MKU innovator Fight Hunger, Food Waste Amid COVID-19
Before the coronavirus outbreak, food insecurity was already a severe problem. More than 820 million people – one in every nine – do not have enough to eat. Of these, 113 million are coping with hunger so severe that it poses an immediate threat to life and livelihoods.
With COVID-19 fiercely creeping into our communities, there are also serious concerns that further spread could further strain our agricultural sector which is already suffering from the desert locust invasion in parts of the country.
Border closures, quarantines, market supply chain and trade disruptions could restrict people’s access to sufficient/diverse nutritious sources of food.
This calls for need for households to be taught on new ways to preserve foods that can sustain a family for weeks if the current pandemic worsens.
In the wake of these crisis, a technologist at Mount Kenya university, Mr. Peter Mithamo has devoted most of this period to making sense of Kenya’s agricultural follies by designing and constructing solar domestic food dryers.
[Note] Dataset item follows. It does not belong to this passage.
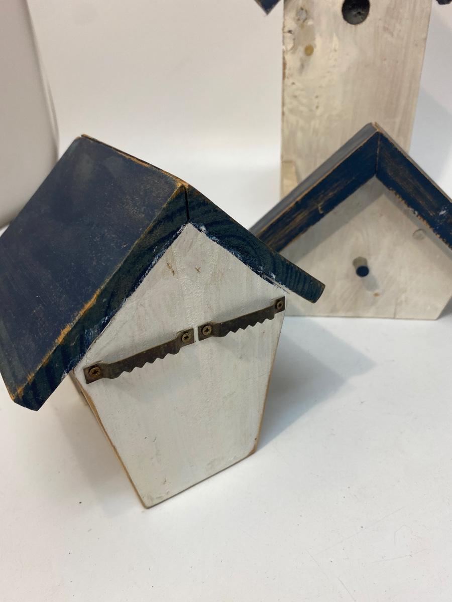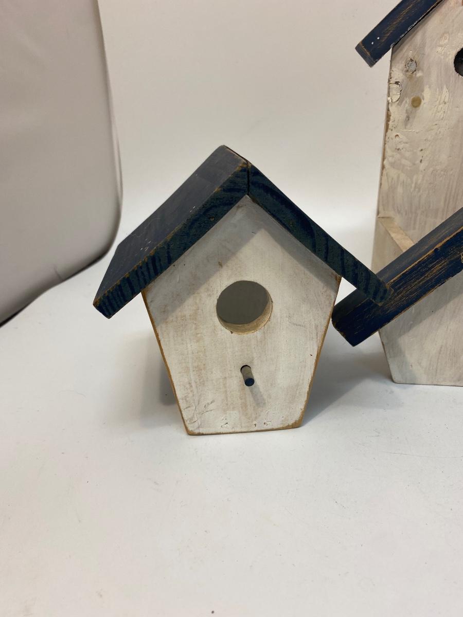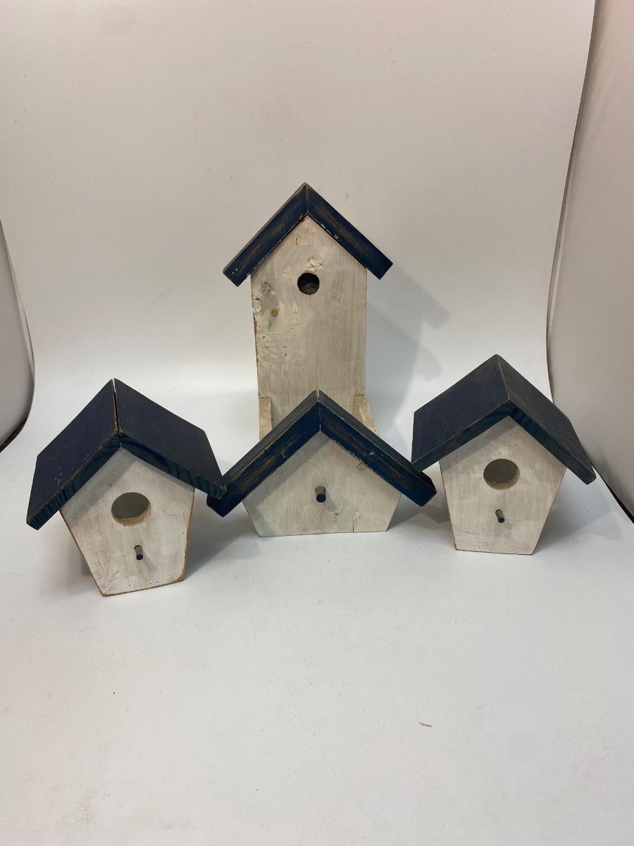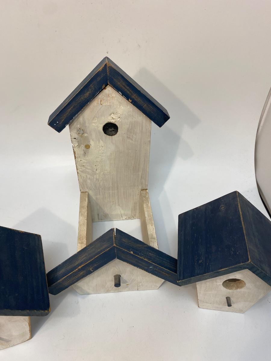 Set of 3 Painted Wood Bird Houses Garden Yard Art. Can be repainted if desired. Have brackets on back for hanging.

His invention, a low-tech thermal dehydrator, can be used to process fruits like mango, banana and pineapple, as well as vegetables, to stop them spoiling.
The systems work on the principle of the greenhouse effect. Air is heated to a constant temperature with solar energy, which facilitates extraction of humidity from crops inside a drying chamber. Ventilation is enabled at a constant rate through defined air inlets and outlets.
Mr. Mithamo technique reduces wastage and makes transportation easy while promoting health and welfare of the people especially during this time when food systems are strained and our body immunity is under test.
“this comes at a time when many people are panic-buying groceries at supermarkets, which inevitably means that excess food goes to waste when it can’t be consumed by the use by date, we are working to upscale this innovation to household level as coronavirus shifts life from commercial to residential” notes Donatus Njoroge, the head of innovation, Intellectual property and community Engagement at Mount Kenya University.